Every summand in the terms in the resultant Jacobian matrix represents an alternative path. The sum itself represents every possible path from the respective source to the respective sink (e.g., in the example sum above, every path from from \(g^1\) to \(\theta\)).

Thus, we can systematically compute the derivatives using the chain rule by enumerating every possible path, computing the respective products representing each path, and accumulating the products in a sum at each respective source node.

\(g^1 \rightarrow \theta\). There is only one path: \(g^1 \rightarrow f^1 \rightarrow \theta\). This path is represented by \(\frac{\partial f^1}{\partial \theta}(\theta, \varphi) \cdot \frac{\partial g^1}{\partial y^1}(f(\theta, \varphi)) = \cos \theta \cos \varphi\).
\(g^1 \rightarrow \varphi\). There is only one path: \(g^1 \rightarrow f^2 \rightarrow \varphi\). This path is represented by \(\frac{\partial f^2}{\partial \varphi}(\theta, \varphi) \cdot \frac{\partial g^1}{\partial y^2}(f(\theta, \varphi)) = -\sin \theta \sin \varphi\).
\(g^2 \rightarrow \theta\). There is only one path: \(g^2 \rightarrow f^1 \rightarrow \theta\). This path is represented by \(\frac{\partial f^1}{\partial \theta}(\theta, \varphi) \cdot \frac{\partial g^2}{\partial y^1}(f(\theta, \varphi)) = \cos \theta \sin \varphi\).
\(g^2 \rightarrow \varphi\).
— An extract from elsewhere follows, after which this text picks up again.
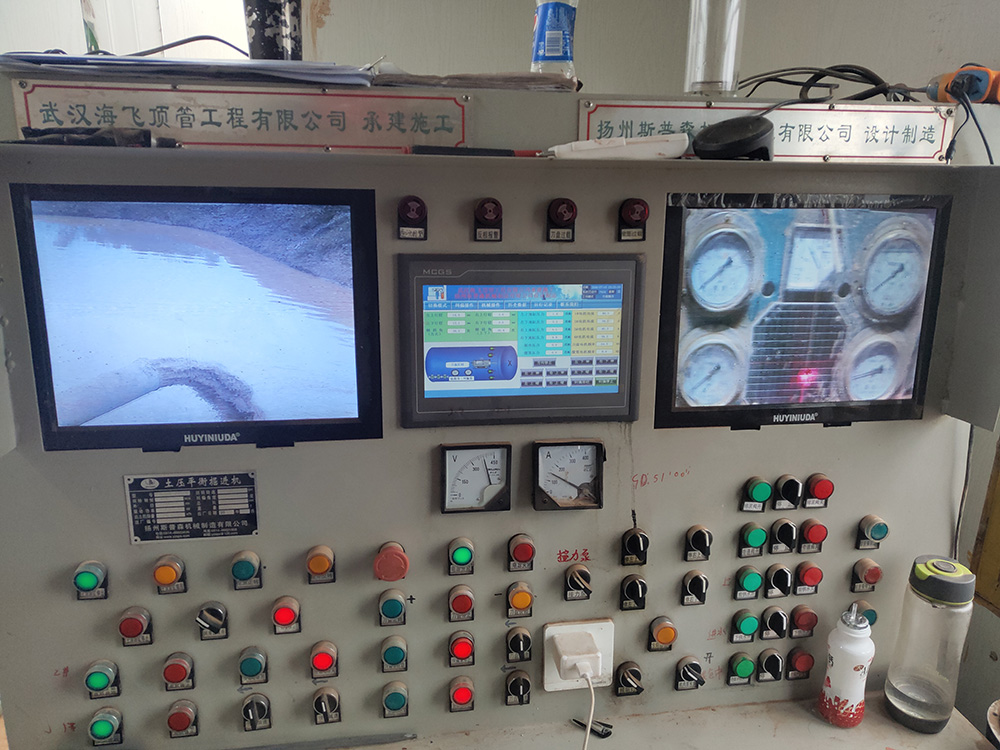 頂進用工作井頂進設備進行速度控制,分為兩個部分,機頭入洞階段要嚴格控制速度,此階段重點是找正管子中心、高程,偏差控制在±5mm之內,所以速度不要太快。

There is only one path: \(g^2 \rightarrow f^3 \rightarrow \varphi\). This path is represented by \(\frac{\partial f^3}{\partial \varphi}(\theta, \varphi) \cdot \frac{\partial g^2}{\partial y^3}(f(\theta, \varphi)) = \sin \theta \cos \theta\).
\(g^3 \rightarrow \theta\). There is only one path: \(g^3 \rightarrow f^4 \rightarrow \theta\). Note that \(g^3\) was not depicted in the graph since it is the identity function, but and identity node could be added. This path is represented by \(\frac{\partial f^3}{\partial \theta}(\theta, \varphi) \cdot \frac{\partial g^3}{\partial y^4}(f(\theta, \varphi)) = -\sin \theta\).
\(g^3 \rightarrow \varphi\). There are no paths (so the result is \(0\)).

If we then write these in their respective position in the resultant matrix (where the entry \((i, j)\) at row \(i\) and column \(1\) is given by the product resulting from the path from \(g^i \rightarrow \theta\) and the entry at row \(i\) and column \(2\) is given by the product resulting form the path from \((g^i \rightarrow \varphi\)), we obtain the same result that we calculated previously from the product of Jacobian matrices.